If plaintiffs are unable to recover any type of actual damages, their claims for unjust enrichment and promissory estoppel necessarily fail, as they are not seeking any form of equitable relief on those claims. Their Consumer Protection Act claim would still survive, as statutory damages are available even when a plaintiff does not show actual damages. See Carter v. Lachance, 146 N.H. 11, 14 (2001). That claim, though, is tried to the court, not to a jury, so the upcoming jury trial would be unnecessary in the absence of plaintiffs' other claims. See Hair Excitement, Inc. v. L'Oreal U.S.A., Inc., 158 N.H. 363, 369-70 (2009).
For the foregoing reasons, defendants' motion to exclude evidence requiring expert testimony*fn3 is GRANTED. In the interest of conserving judicial resources (far too many of which have already been expended on this matter) and those of the parties, plaintiffs are ordered to show cause no later than 3:00 p.m. on April 27, 2012, why summary judgment should not be entered for defendants on their claims for unjust enrichment and promissory estoppel.

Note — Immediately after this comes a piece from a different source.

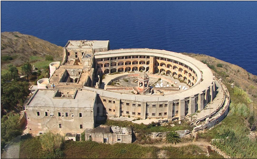
Figure 1 Prison on Santo Stefano Island

During the eighteenth century the Bourbon Kings of Naples proposed the idea of building a prison on the island. King Ferdinand IV was very interested in and supportive of the Enlightenment ideals concerning penology and the rehabilitation of delinquents. The latter would be accomplished by removing delinquents from the contaminated society they were in and placing them in distant and 'clean' environments. In 1793 the King commissioned the architects Winspeare and Carpi to construct a gaol on Santo Stefano (Parente 1998; Pepe 1999).

The court is sensitive to the time pressure under which this puts plaintiffs. So, if plaintiffs wish to focus their response on the issue with which the court is most concerned, they should explain why they will (or should) be able to present evidence of and recover the profits defendants earned from their retail dough business. In making their filing, plaintiffs are advised to demonstrate that the evidence and/or damages theory upon which they rely was provided in a timely manner during discovery. Given that trial is nigh, the court expects that plaintiffs will have already marshaled evidence (if any exists) sufficient to address this issue.